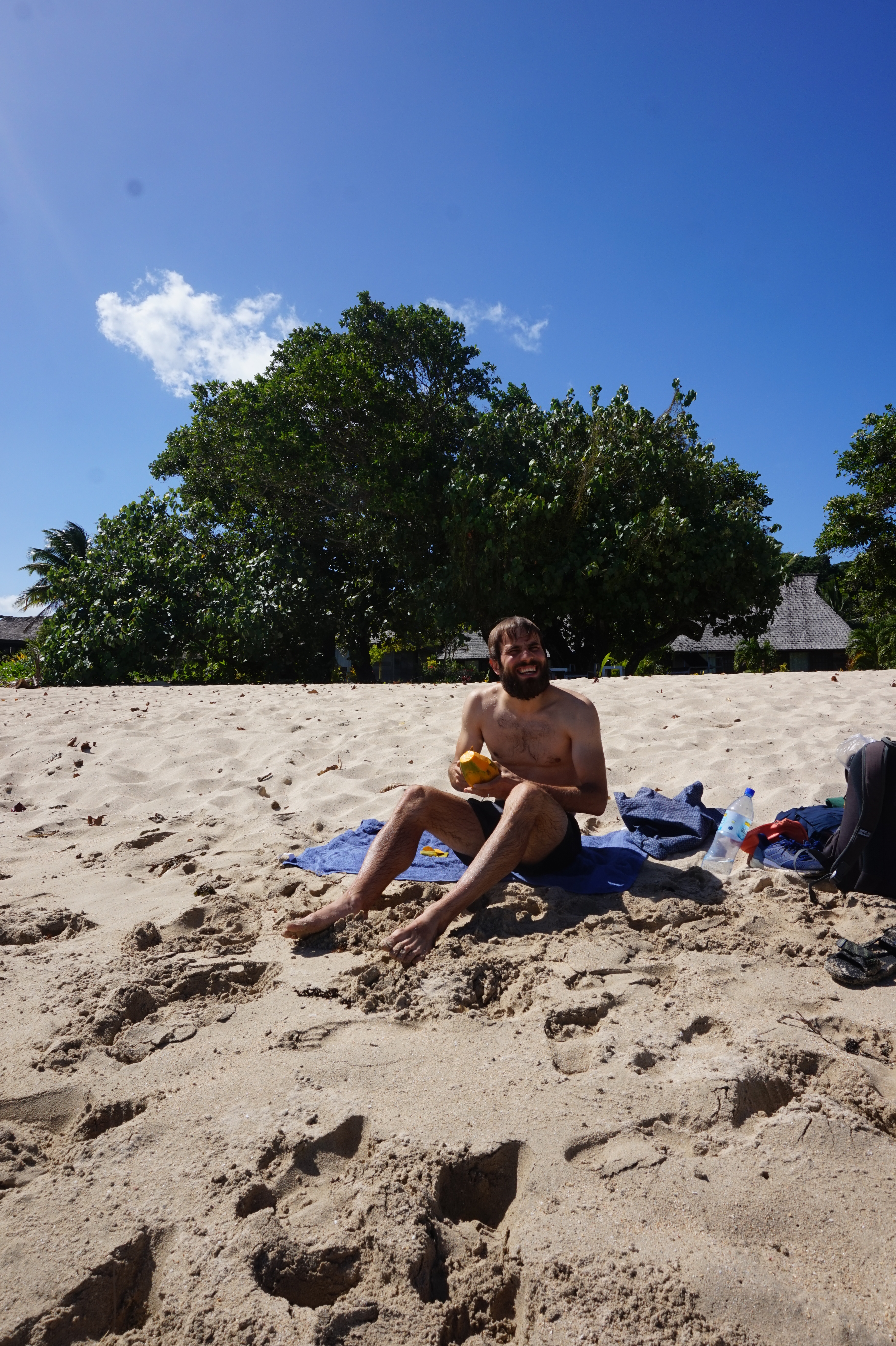 Horší ale bylo, že jsme byli skálopevně přesvědčení (což jsme taky tvrdili recepční), že jsme si zaplatili k pobytu i snídaně. No, ani náhodou Zajíčková a Souček. Takže jsme byli bez jídla, bez kuchyně, bez nádobí, bez příborů. Na pokoji jsme našli rychlovarnou konvici, čaj, kávu, hrníčky a dvě lžičky. Výstup? K snídani vločky a k večeři se podávala specialita šéfkuchaře = instantní nudle s tuňákem z konzervy a se sýrem. Přes den hromady a hromady čerstvého ovoce. Hotelovou restauraci jsme využili jen párkrát kvůli ceně pokrmů (okusili jsme tradiční jídlo Kokoda, což je ryba marinovaná ve směsi z kokosového mléka, limetky a cibule).
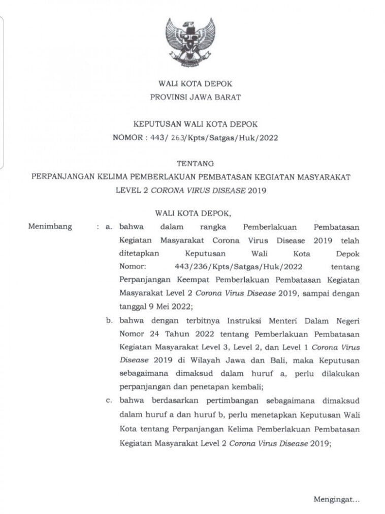 Depok | Depok kembali menerapkan perpanjangan Pemberlakuan Pembatasan Kegiatan Masyarakat (PPKM) Level 2 Covid-19, terhitung sejak 10 hingga 23 Mei 2022. Guna mengatur jalannya PPKM tersebut, Pemerintah Kota (Pemkot) Depok mengeluarkan Keputusan Wali Kota Nomor 443/263/Kpts/Satgas/Huk/2022 tentang Perpanjangan Kelima PPKM Level 2 Corona Virus Disease (Covid-19).
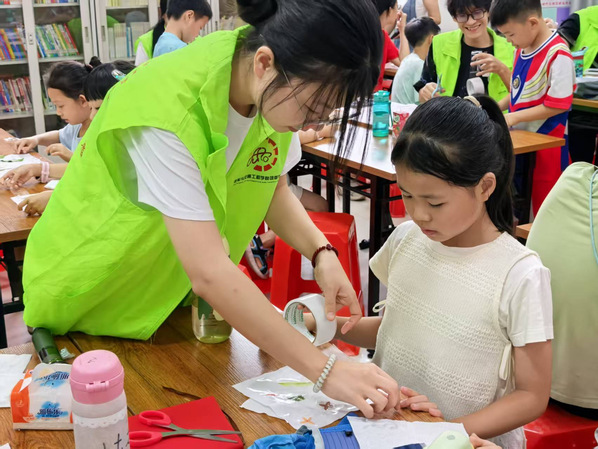 实践团成员协助小朋友制作拓染(张亚君 摄)
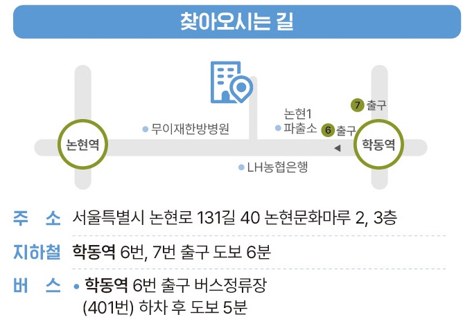 | 논현글로벌평생학습센터 | 서울특별시 강남구 논현로 131길 40 (논현문화마루 2, 3층) |
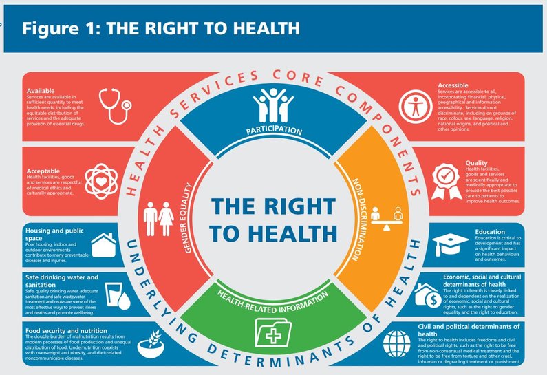 “The right to the highest attainable standard of health is recognized in International Human Rights Law and International Humanitarian Law and places a number of obligations on States that include ensuring access to health facilities, goods and services on a non-discriminatory basis, especially for vulnerable or marginalized groups; the provision of essential drugs; and the equitable distribution of health services. The obligations on States also pertain to the underlying determinants of health, such as ensuring access to minimal essential food that is nutritionally adequate and safe, as well as access to shelter, housing and sanitation and an adequate supply of safe drinking water.
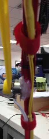 Para conseguir esto, puede utilizar el arma de pegamento caliente o cinta de Velcro o ambos. Es necesario notar que los cables no deben instalarse en las posiciones que afectan el movimiento del brazo. Paquete todos los 8 cables en la base con tubo termoplástico.
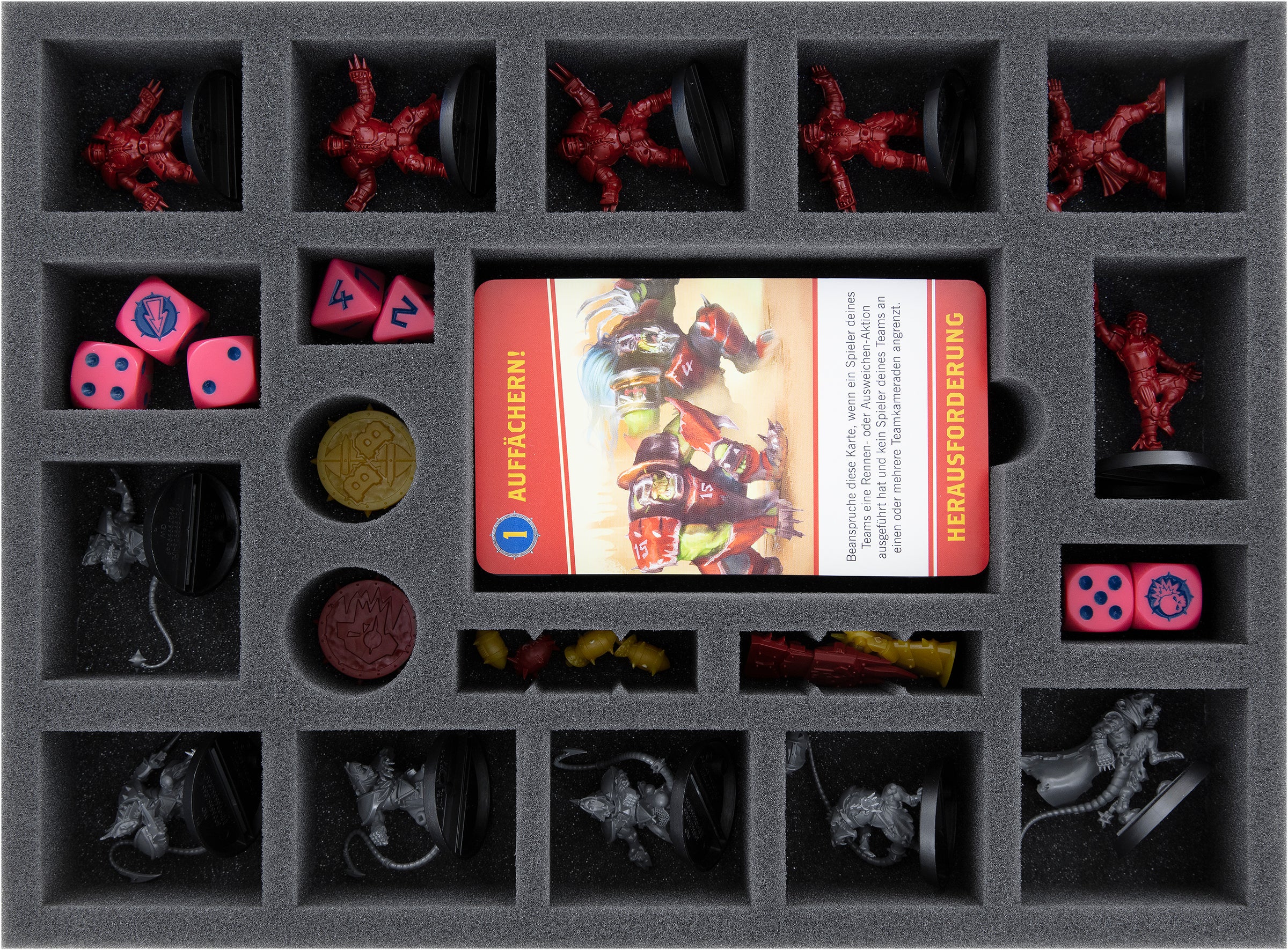 - Creates order: The foam tray provides space for all miniatures (incl. bases), dice, cards, balls, coins, and score markers - so you have everything arranged and always in view.

----------

Exercise instructions:
With every picture left out, print exactly the lines from the one containing "Para conseguir esto, puede" through the final line of the material above.

Answer to this exercise:
 Para conseguir esto, puede utilizar el arma de pegamento caliente o cinta de Velcro o ambos. Es necesario notar que los cables no deben instalarse en las posiciones que afectan el movimiento del brazo. Paquete todos los 8 cables en la base con tubo termoplástico.
 - Creates order: The foam tray provides space for all miniatures (incl. bases), dice, cards, balls, coins, and score markers - so you have everything arranged and always in view.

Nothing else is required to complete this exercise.